1. A method for preforming complex hollow carbon fiber workpieces, characterized in that, The device includes a two-way splitter (1) and multiple three-way or more multi-way splitters (2). The two-way splitter (1) is composed of a single silicone core mold, and the multi-way splitter (2) is composed of a polyurethane core mold and at least one silicone core mold. The multi-way connection of the multi-way splitter (2) is formed by combining the silicone core mold and the polyurethane core mold. The polyurethane core mold is used to be permanently left at the multi-way connection after molding. The device includes the following steps: S1. Divide the complex structure into a single two-way split body and multiple three-way or more multi-way split bodies; S2. Cover the outer wall of the two-way split body and the multi-way split body with carbon fiber prepreg and roll it up to form split carbon fiber workpieces. S3. Extract the silicone core mold from step S2, leaving the polyurethane core mold inside the carbon fiber workpiece of the multi-channel split body. S4. Embed air duct guide lines in the split carbon fiber workpieces with multiple open ends, insert air ducts into carbon fiber workpieces with one end sealed by silicone rods, and connect the air duct guide lines and air ducts of adjacent carbon fiber workpieces. S5. Pull the duct guide line to pull the duct opening end out from inside the carbon fiber workpiece; S6. Design and manufacture pre-forming molds; S7. Place the disassembled carbon fiber parts into the mold and assemble them into a complete carbon fiber part.
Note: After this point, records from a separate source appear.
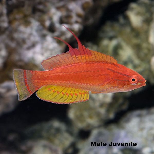 Der Gelbflossen-Lippfisch wird etwa 8 cm lang und schläft nicht wie viele andere Lippfische im Sand, sondern versteckt sich im Riff. Dieser Fisch wird am besten als Paar oder Harem gehalten, also 3 Weibchen und 1 Männchen.
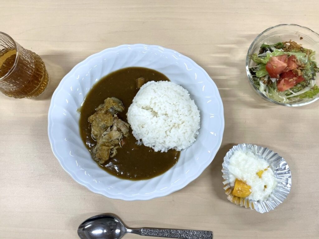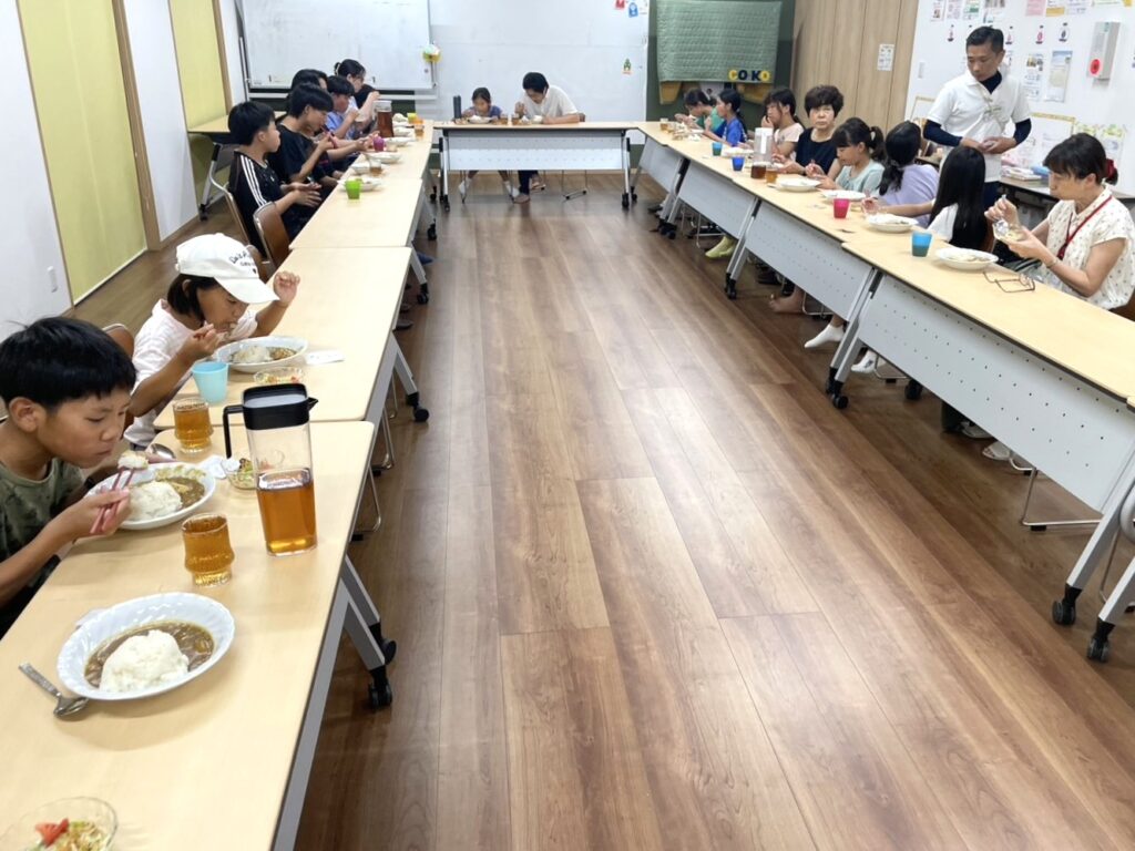 今回は保護者・スタッフを合わせて32名での食卓となりました。メニューは「手羽先のカレー、野菜サラダ、牛乳プリン」。ほとんどの子どもが嬉しそうにお代わりをしてくれました。
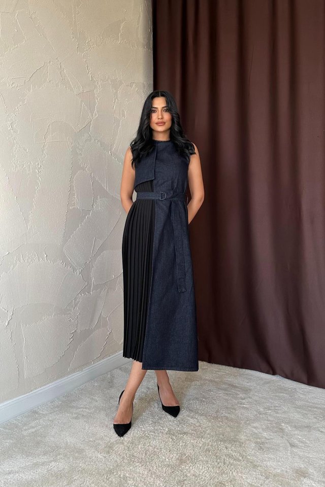 Mavi Pilise Garnili Kot Elbise
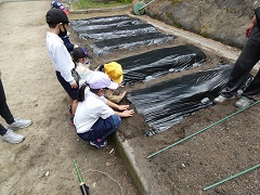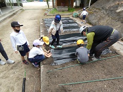 低学年学級は、学級農園を耕し、ビニールシートを掛けました。さて、どんな野菜を植えるのでしょうか。
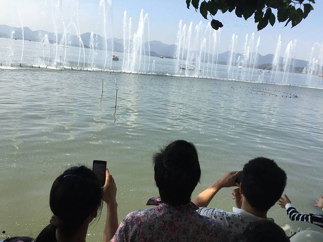 吃完知味观,就进了西湖,刚好就看到音乐喷泉。好多人,还好带了自拍杆,要不就看不到。西湖的树上有松鼠,嘿嘿,拍到了。
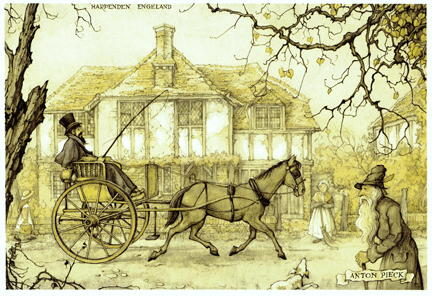 He had fallen in love with the Dickensian era and had completed many paintings, drawings, etchings and engravings depicting Dickensian scenes. He depicted gentlemen in high hats or ladies adorned in crinoline, people taking coach rides, watching a magic lantern show or listening to barrel organs or chamber concerts. All such scenes gave him great pleasure and they all contributed to his artistic ideal. Anton Pieck was adamant that when it came to commissions, he would only accept those which allowed him to illustrate novels or short stories set in bygone days.
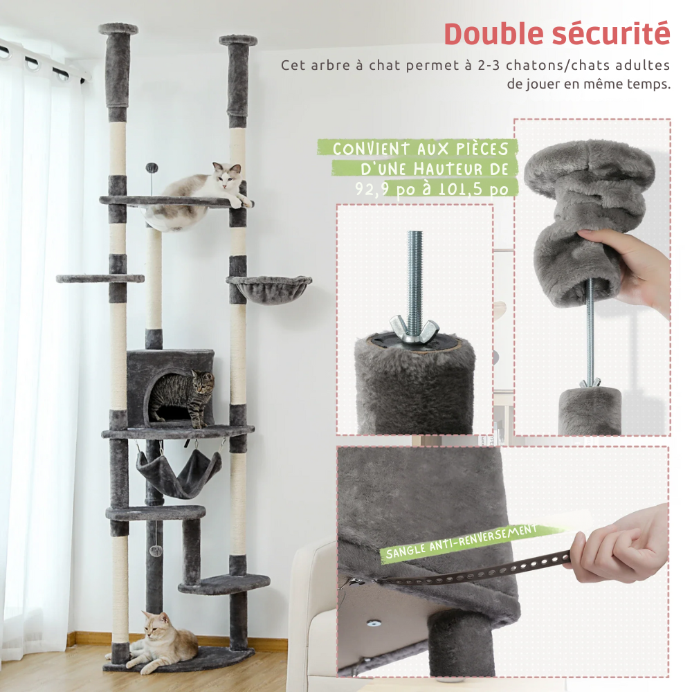 Avec ses 9 poteaux à griffer recouverts de sisal, ses 7 espaces de repos, 2 pompons duveteux et sa structure réglable en hauteur, cet arbre à chat devient leur terrain de jeu préféré. Son design moderne et épuré s’intègre harmonieusement à votre intérieur, transformant chaque coin en un espace de détente féline.
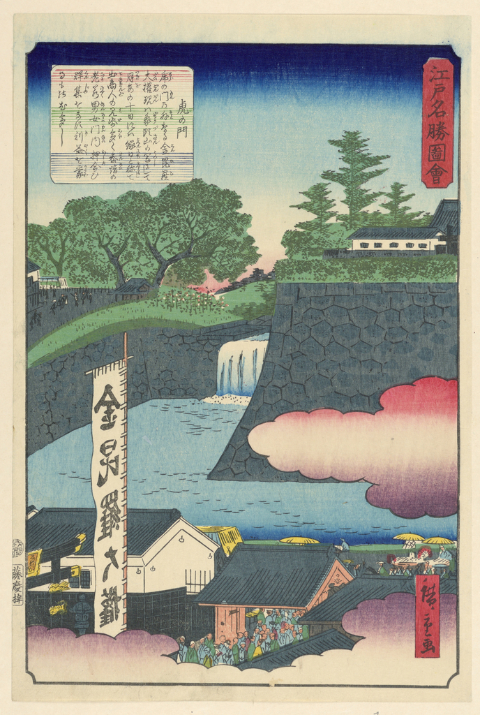Print, Castle Moat; Ando Hiroshige (Japanese, 1797 - 1858); Japan; woodblock print in colored ink on paper; Gift of the Estate of Mrs. Robert H. Patterson; 1941-31-328
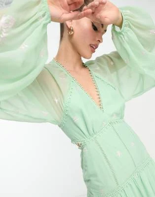 ASOS DESIGN Tall – Vestito Lungo Con Maniche Con Volant E Aperto Dietro In Raso Nero A Pois

S8. Assemble the air nozzle at the open end of the pulled-out air duct and wrap it tightly with tape; S9. Compressed air is pumped into the air duct from the air nozzle through the compressor.

2. The method for preforming complex hollow carbon fiber workpieces according to claim 1, characterized in that: The multi-port connection of the multi-port split body (2) is formed by a combination of a silicone core mold and a polyurethane core mold.
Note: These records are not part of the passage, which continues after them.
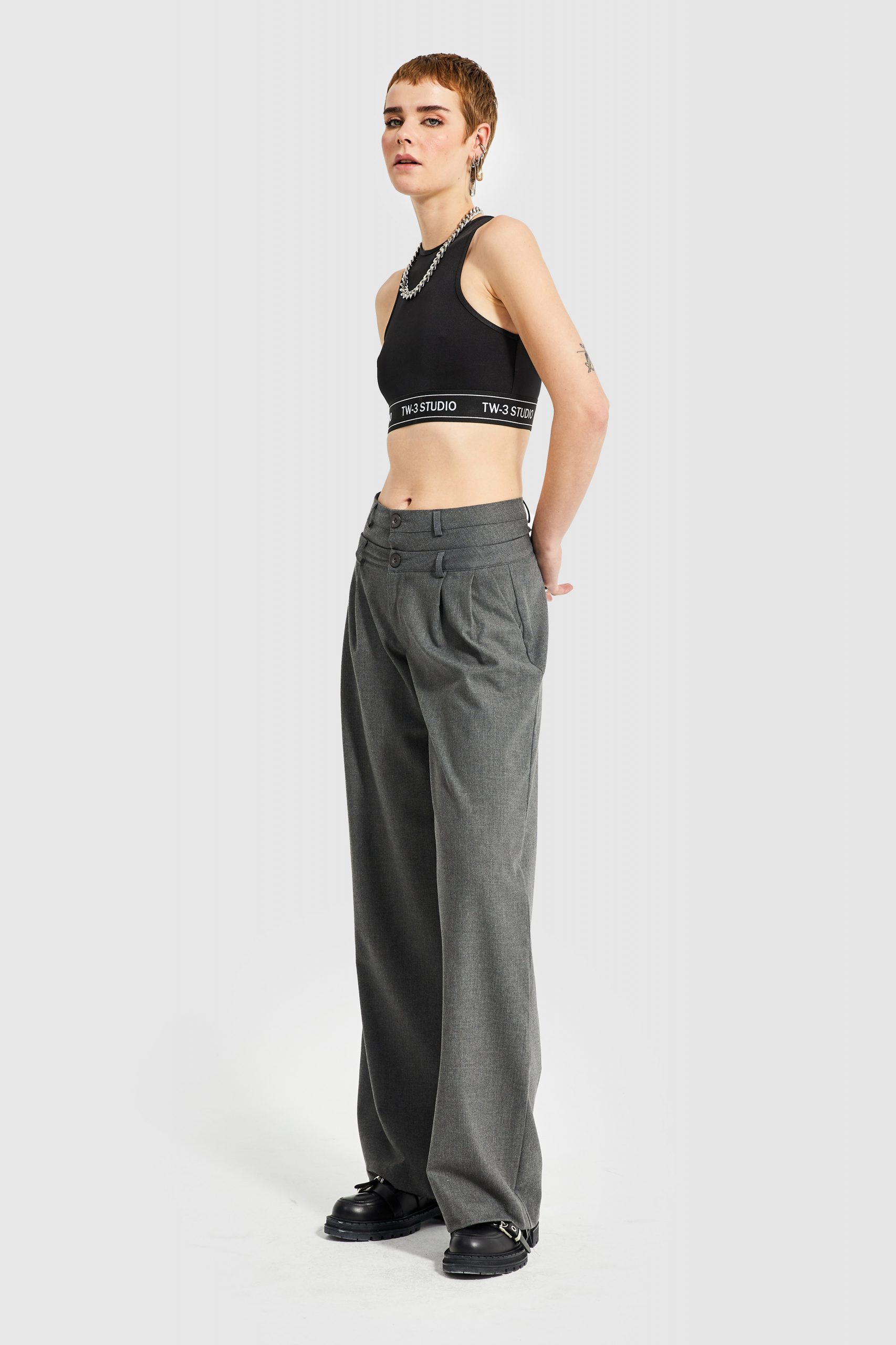 Женские палаззо брюки антрацитового цвета с двумя ремнями, идеально сидящие на фигуре, легкие и стильные для любого случая
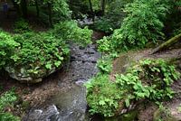 Het uitzicht vanaf een waterval in het bos in Luxemburg. Rotsblokken begroeid met planten waar het water langs stroomt maken een sfeervol plaatje.
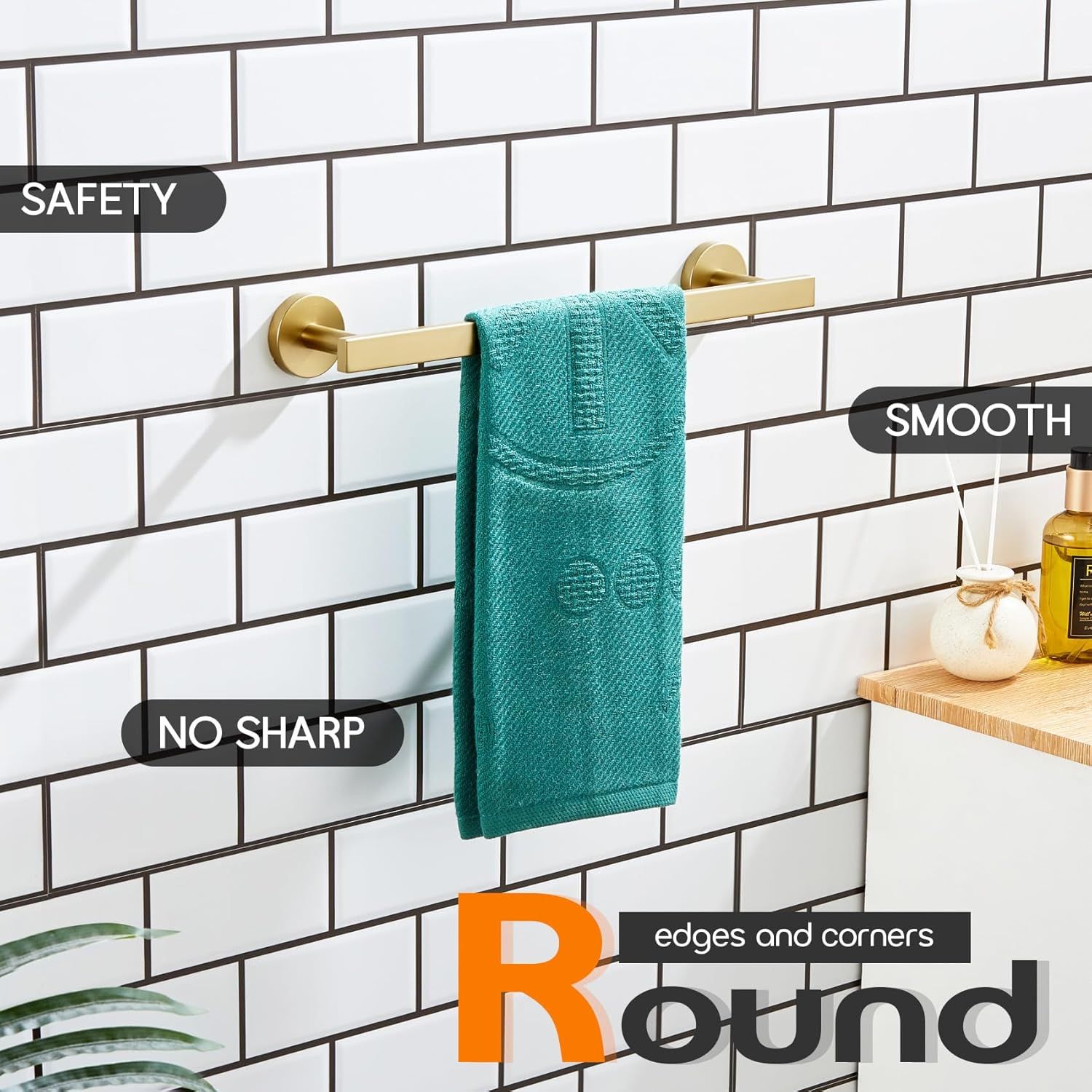 12 Inch Bathroom Towel Bar Bath Towel Rack Kitchen Towel Holder Towel Ring Wall Mounted SUS304 Stainless Steel Brushed Gold AN4001GD-L12
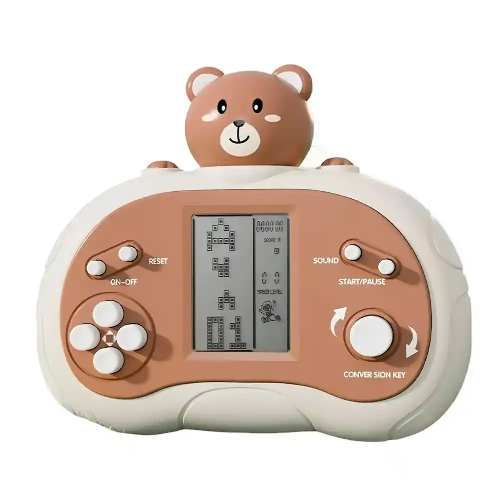La consola portátil Mini Game Bear ofrece horas de diversión con un diseño adorable inspirado en un osito. Su pantalla LCD y controles fáciles de usar permiten disfrutar de clásicos juegos de bloques, mientras estimula la coordinación y el enfoque de los niños. Ideal para pequeños gamers, combina nostalgia, entretenimiento y ternura en un solo dispositivo. /// El juguete incluye baterias /// Ficha Técnica: Dimensiones : 13 cm x 11 cm x 4 cm Funcionamiento : 2 Baterías AA ( Incluidas ) Material : Plástico ABS Edad recomendada + 3 Años Certificado de conformidad: SL-CS-210044 Referencia: JM-1089 189-3 ** _Para defectos de fábrica o retractos: \_Por favor revise el producto apenas lo reciba y antes de usarlo. No aplican ley de retracto o defectos de fábrica luego de usar el producto. Se manejan máximo 5 días para reportar defectos de fábrica (por ejemplo, producto funciona mal, piezas faltantes, rotas, etc). Para hacer efectiva la devolución el producto debe devolverse con el empaque original, el cual debe estar en buen estado, incluir todos los documentos y las partes completas y sin daños.

3. The method for preforming complex hollow carbon fiber workpieces according to claim 1, characterized in that: The multi-channel split body (2) includes a Y-shaped split body (21), a T-shaped split body (22), and a ring-shaped split body (23).

4. The method for preforming complex hollow carbon fiber workpieces according to claim 1, characterized in that: A mating part (11) for forming a carbon fiber workpiece is provided between adjacent ends of the two-way split body (1) and the multiple multi-way split bodies (2).

5. The method for preforming complex hollow carbon fiber workpieces according to claim 1, characterized in that: The split carbon fiber workpieces produced in step S2 are interlocked and connected to each other.

6. The method for preforming complex hollow carbon fiber workpieces according to claim 1, characterized in that: In step S7, a sealed connection is made between the duct opening and the air nozzle.

7. The method for preforming complex hollow carbon fiber workpieces according to claim 1, characterized in that: In step S8, compressed air at 0.2 MPa is injected into the air duct.